10/30/2006

Who's Gonna' Jump Your Car?

It's been a little while since I did an entry in the Building Tangible Margin series. Before I continue in that thread, I want to take a moment to address preparedness thinking. Many people have unfortunate notions about preparedness that cause them to avoid taking needed action. Let me just clarify where I'm coming from and where I'm not coming from.

I have yet to find a perspective on preparedness that strikes the right balance. This has become a subject of great interest to me, but I have had to cobble together many sources to address the issue to my satisfaction. Allowing my faith to inform my preparedness makes it all the more difficult, though ultimately more purposeful.

There are two extremes when it comes to thinking about preparedness—blind optimism and paranoid pessimism.

On the blind optimism end you have folks who don’t believe anything bad will ever happen to them or if it does they will be taken care of. Don’t bother asking them to jump your car; they won’t have jumper cables.

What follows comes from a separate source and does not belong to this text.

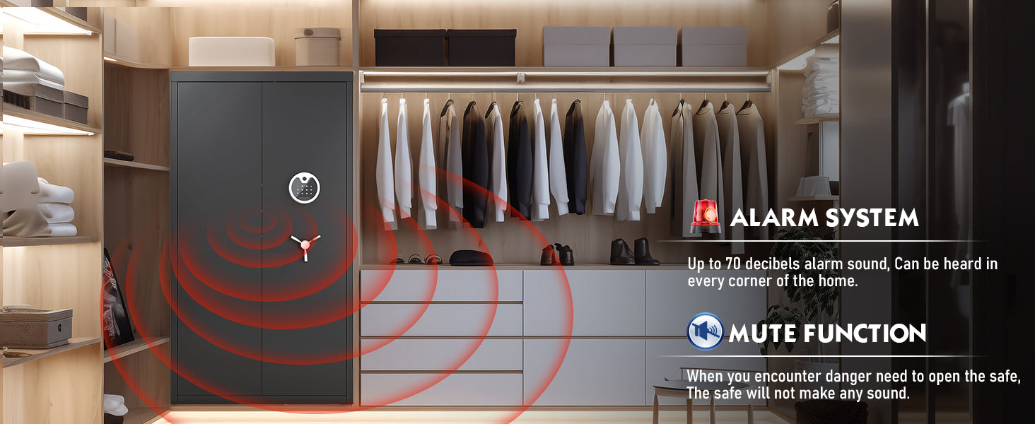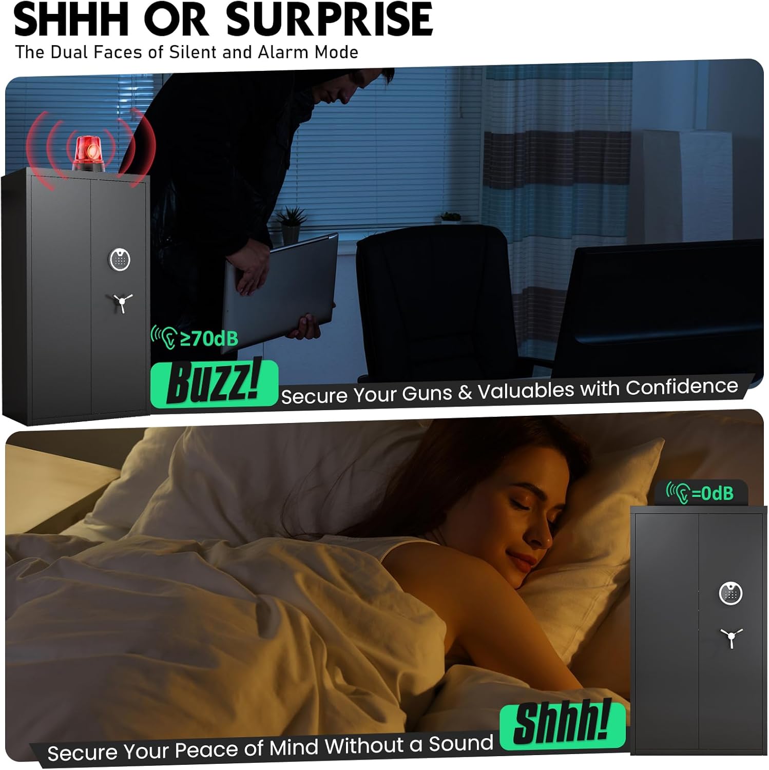 【Upgraded Dual Alarm System, Silent Mode】 This gun safes & cabinets offers upgraded security! The dual alarm system is always on standby: Incorrect password 3 times? Wrong fingerprint 5 times? Shaken or impacted? The alarm triggers instantly! A loud 70dB alarm deters intruders. New silent mode for quiet use. Solid home protection by Luzfuego.

The paranoid pessimists, on the other hand, give preparedness a bad name. Their survival-of-the-fittest, world-be-damned perspective may be well-equipped and thoroughly thought out, but they’re not going to jump your car either. They’re running from the black helicopters, headed for the hills.

My approach to preparedness is an attempt to heed the call of Scripture to be both prudent and charitable. My preparations are acts of love toward family, friends and, potentially, strangers. Preparedness also happens to make for an interesting hobby to the perpetually curious and imaginative. It is a middle ground between the extremes. Hoping for the best, preparing for the worst...within reason.